» Instructions for the task
In the data below, find the line containing "反硝化深床濾池池體,采用狹長" and the line containing "einem schönen Bett", then reproduce them and every line between, exactly. Omit pictures.
○ ○ ○ ○ ○
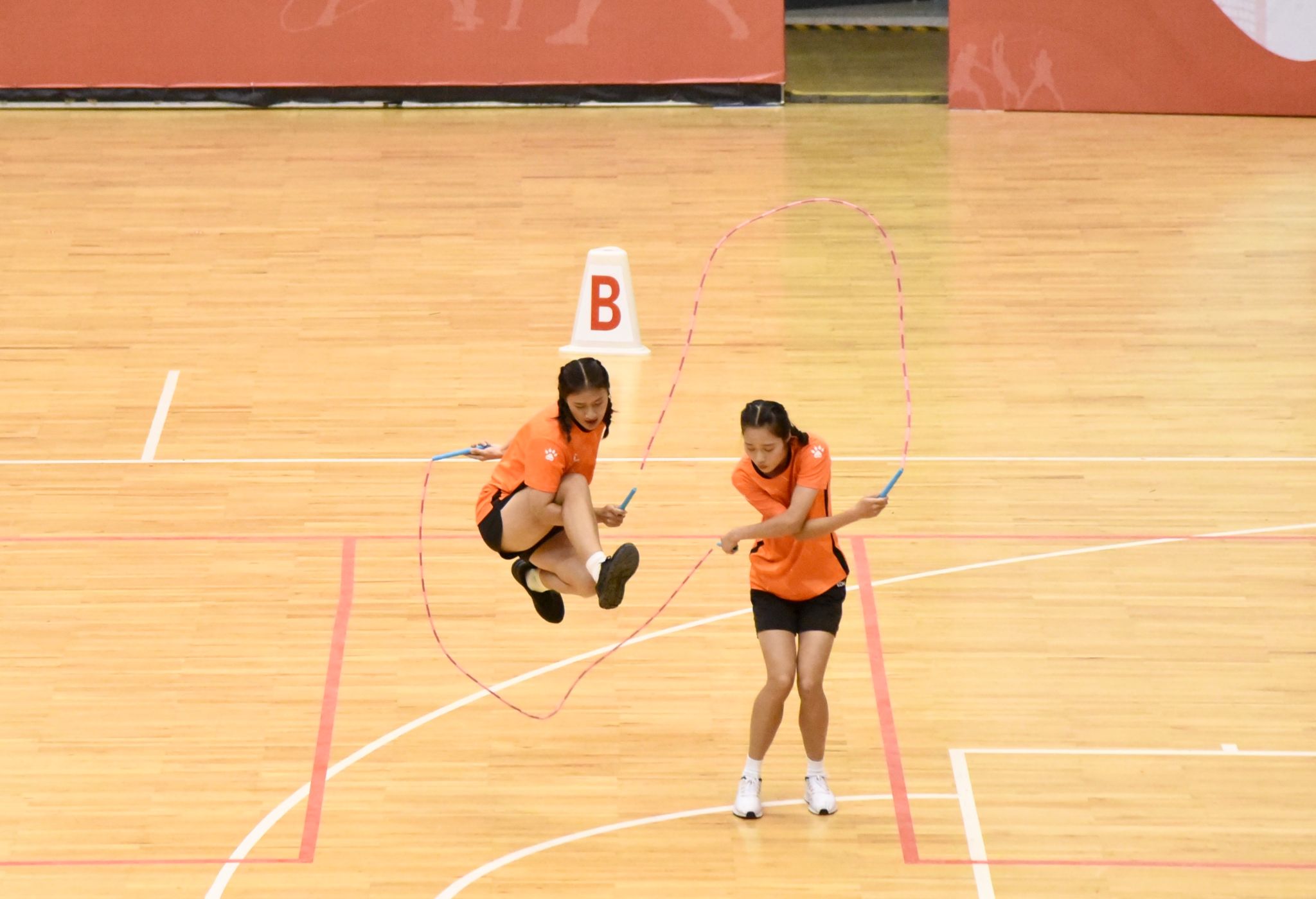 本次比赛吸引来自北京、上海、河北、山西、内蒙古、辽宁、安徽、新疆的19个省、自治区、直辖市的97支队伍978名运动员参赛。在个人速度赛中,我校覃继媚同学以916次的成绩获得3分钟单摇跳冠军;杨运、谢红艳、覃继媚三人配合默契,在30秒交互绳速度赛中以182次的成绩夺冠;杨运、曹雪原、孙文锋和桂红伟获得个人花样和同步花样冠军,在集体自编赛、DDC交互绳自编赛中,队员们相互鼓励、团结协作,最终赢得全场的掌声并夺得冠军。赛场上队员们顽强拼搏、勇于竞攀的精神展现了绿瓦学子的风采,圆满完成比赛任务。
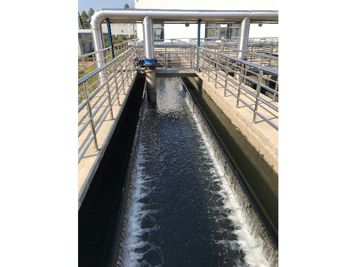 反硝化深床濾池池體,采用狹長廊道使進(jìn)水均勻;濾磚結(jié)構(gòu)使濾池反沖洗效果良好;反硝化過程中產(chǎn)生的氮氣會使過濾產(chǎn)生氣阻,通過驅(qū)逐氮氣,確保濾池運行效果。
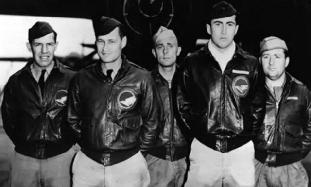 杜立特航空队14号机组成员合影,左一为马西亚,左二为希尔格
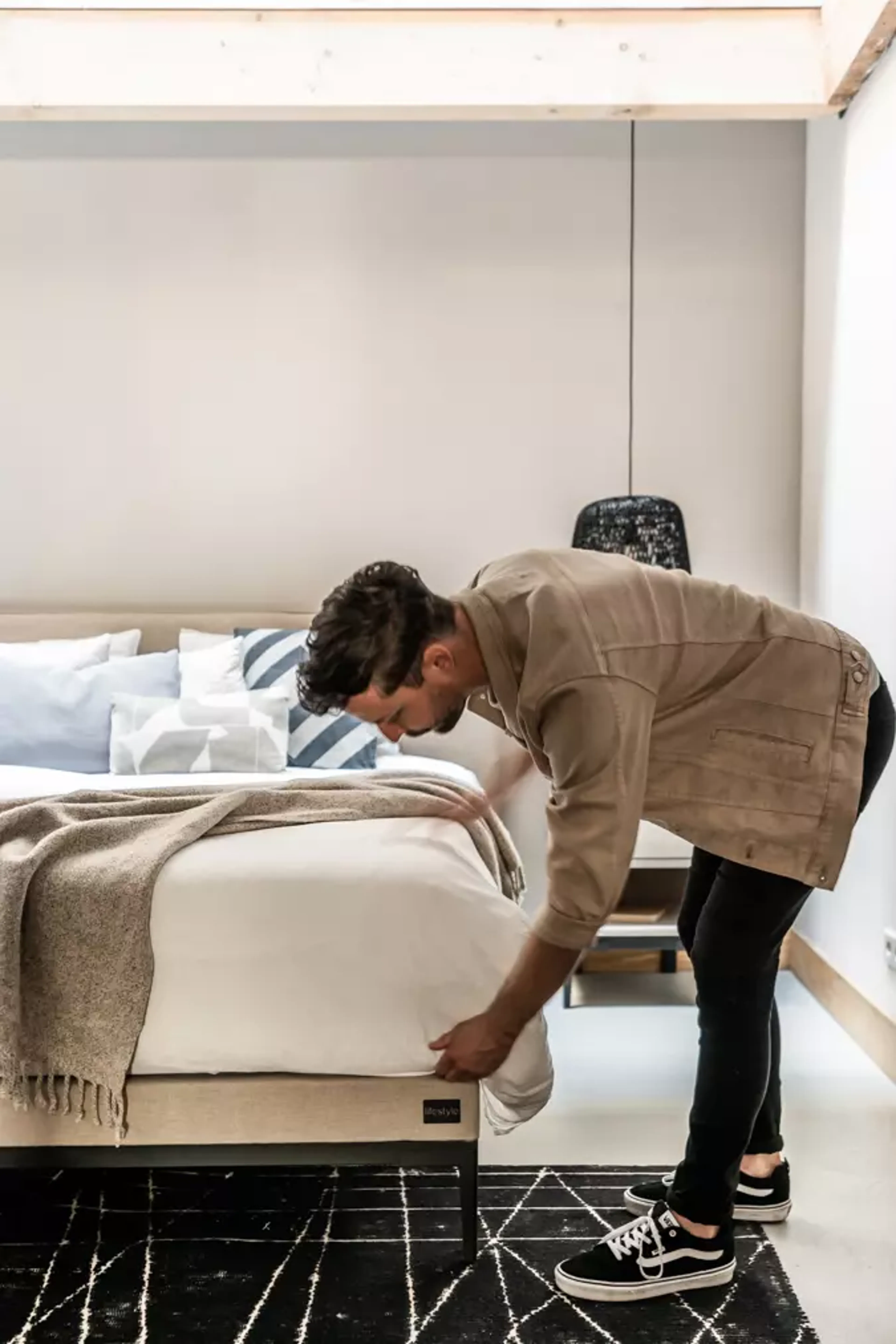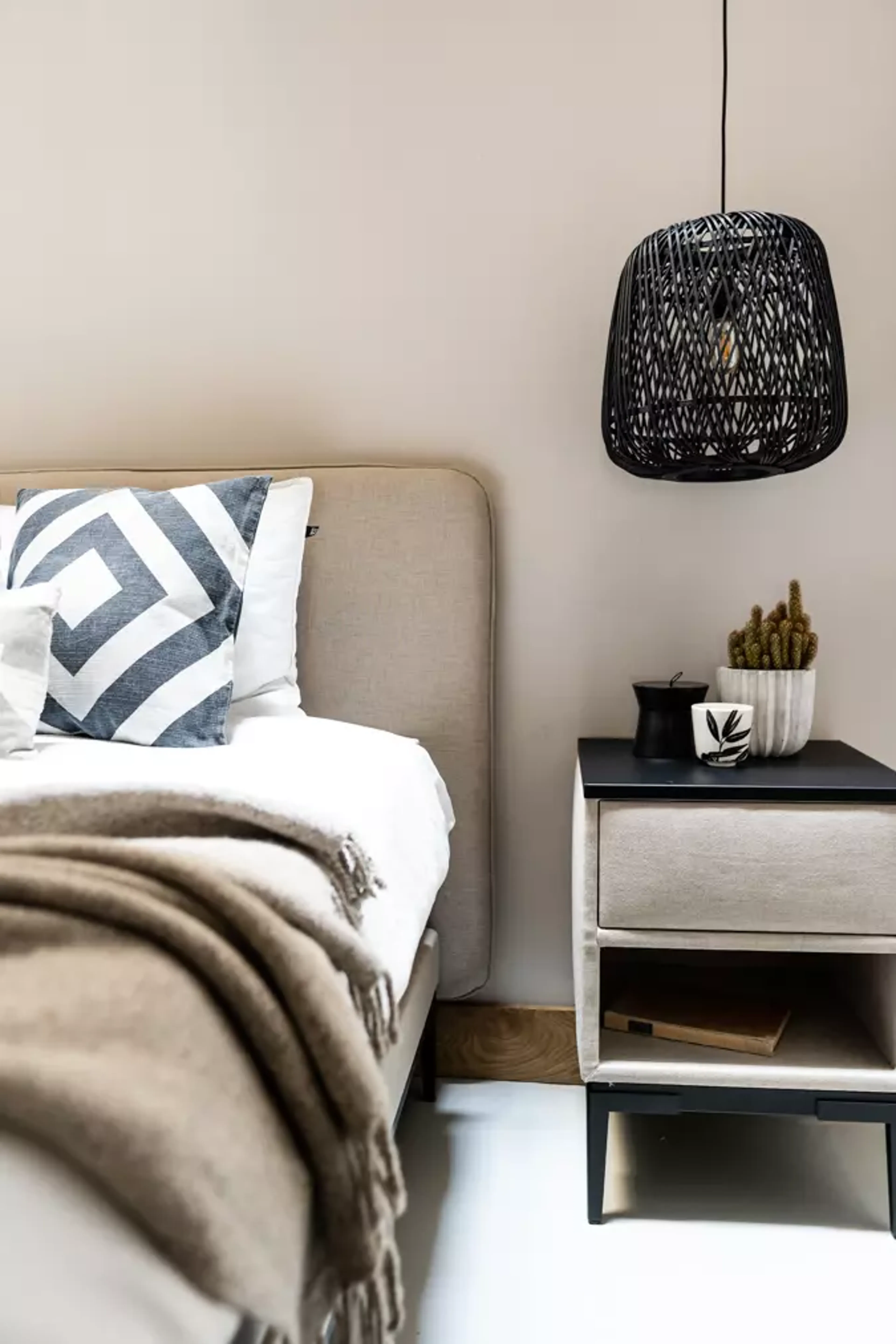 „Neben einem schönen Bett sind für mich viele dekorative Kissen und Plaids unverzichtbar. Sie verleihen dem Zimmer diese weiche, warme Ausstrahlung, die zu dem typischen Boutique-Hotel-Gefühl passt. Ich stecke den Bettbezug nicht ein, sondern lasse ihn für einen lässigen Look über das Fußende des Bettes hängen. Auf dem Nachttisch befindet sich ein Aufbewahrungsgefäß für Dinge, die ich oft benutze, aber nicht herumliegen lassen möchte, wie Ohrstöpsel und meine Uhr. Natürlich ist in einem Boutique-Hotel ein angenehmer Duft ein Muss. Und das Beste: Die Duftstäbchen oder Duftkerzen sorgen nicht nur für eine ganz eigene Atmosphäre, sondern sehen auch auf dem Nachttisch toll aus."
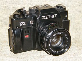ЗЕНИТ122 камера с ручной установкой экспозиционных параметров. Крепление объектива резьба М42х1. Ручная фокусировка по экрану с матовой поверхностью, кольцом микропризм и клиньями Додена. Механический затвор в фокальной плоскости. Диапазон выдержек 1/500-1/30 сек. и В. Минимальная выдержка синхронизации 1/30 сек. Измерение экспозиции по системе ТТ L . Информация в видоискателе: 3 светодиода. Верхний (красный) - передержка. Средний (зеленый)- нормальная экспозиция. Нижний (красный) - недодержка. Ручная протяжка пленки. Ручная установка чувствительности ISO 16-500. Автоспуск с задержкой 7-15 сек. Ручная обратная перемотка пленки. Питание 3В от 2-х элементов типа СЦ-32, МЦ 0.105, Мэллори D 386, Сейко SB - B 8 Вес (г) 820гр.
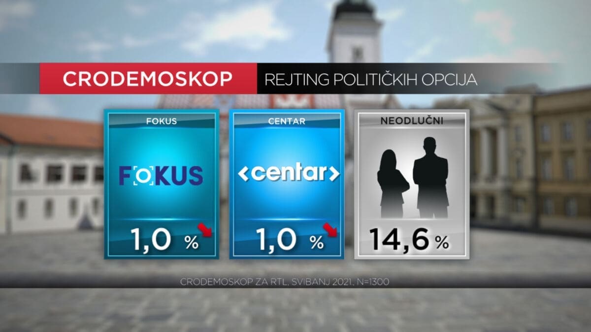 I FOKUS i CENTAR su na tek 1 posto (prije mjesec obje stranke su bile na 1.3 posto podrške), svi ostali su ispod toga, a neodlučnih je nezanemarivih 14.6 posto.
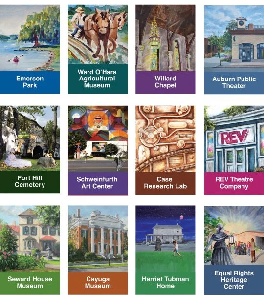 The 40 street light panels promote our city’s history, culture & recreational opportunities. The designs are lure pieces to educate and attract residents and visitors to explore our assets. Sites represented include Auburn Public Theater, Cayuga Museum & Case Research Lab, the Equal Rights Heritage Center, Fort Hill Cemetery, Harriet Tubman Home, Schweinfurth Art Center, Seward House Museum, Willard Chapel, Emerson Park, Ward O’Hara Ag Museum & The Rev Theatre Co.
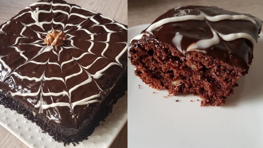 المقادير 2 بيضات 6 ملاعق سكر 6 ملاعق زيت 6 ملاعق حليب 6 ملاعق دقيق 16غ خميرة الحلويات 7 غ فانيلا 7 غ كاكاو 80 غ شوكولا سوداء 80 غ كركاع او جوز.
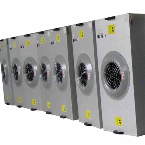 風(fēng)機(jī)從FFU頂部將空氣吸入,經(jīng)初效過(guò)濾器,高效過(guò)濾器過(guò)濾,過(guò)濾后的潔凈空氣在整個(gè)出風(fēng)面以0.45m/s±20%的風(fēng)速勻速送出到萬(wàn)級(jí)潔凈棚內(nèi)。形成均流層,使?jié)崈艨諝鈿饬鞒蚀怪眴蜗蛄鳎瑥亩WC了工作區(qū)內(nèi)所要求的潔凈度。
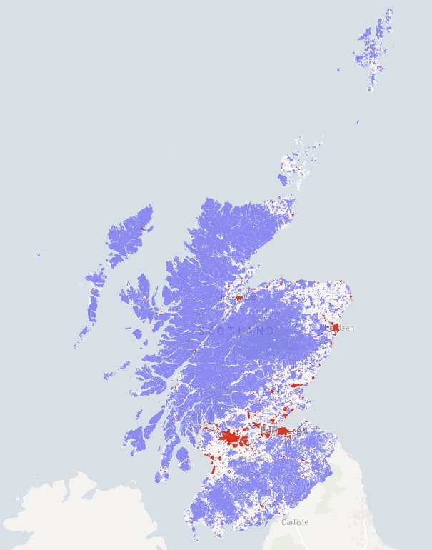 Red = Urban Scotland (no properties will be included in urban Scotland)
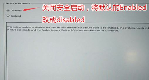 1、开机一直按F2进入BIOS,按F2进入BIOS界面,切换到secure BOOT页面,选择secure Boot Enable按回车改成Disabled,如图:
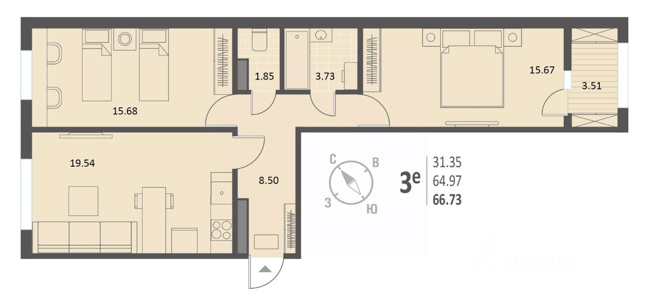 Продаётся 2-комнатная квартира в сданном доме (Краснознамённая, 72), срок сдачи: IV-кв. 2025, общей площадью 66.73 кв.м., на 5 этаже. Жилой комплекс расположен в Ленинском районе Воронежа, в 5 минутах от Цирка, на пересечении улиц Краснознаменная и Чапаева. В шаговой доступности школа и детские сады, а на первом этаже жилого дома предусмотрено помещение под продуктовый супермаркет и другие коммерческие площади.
○ ○ ○ ○ ○
» Answer
 反硝化深床濾池池體,采用狹長廊道使進(jìn)水均勻;濾磚結(jié)構(gòu)使濾池反沖洗效果良好;反硝化過程中產(chǎn)生的氮氣會使過濾產(chǎn)生氣阻,通過驅(qū)逐氮氣,確保濾池運行效果。
 杜立特航空队14号机组成员合影,左一为马西亚,左二为希尔格
 „Neben einem schönen Bett sind für mich viele dekorative Kissen und Plaids unverzichtbar. Sie verleihen dem Zimmer diese weiche, warme Ausstrahlung, die zu dem typischen Boutique-Hotel-Gefühl passt. Ich stecke den Bettbezug nicht ein, sondern lasse ihn für einen lässigen Look über das Fußende des Bettes hängen. Auf dem Nachttisch befindet sich ein Aufbewahrungsgefäß für Dinge, die ich oft benutze, aber nicht herumliegen lassen möchte, wie Ohrstöpsel und meine Uhr. Natürlich ist in einem Boutique-Hotel ein angenehmer Duft ein Muss. Und das Beste: Die Duftstäbchen oder Duftkerzen sorgen nicht nur für eine ganz eigene Atmosphäre, sondern sehen auch auf dem Nachttisch toll aus."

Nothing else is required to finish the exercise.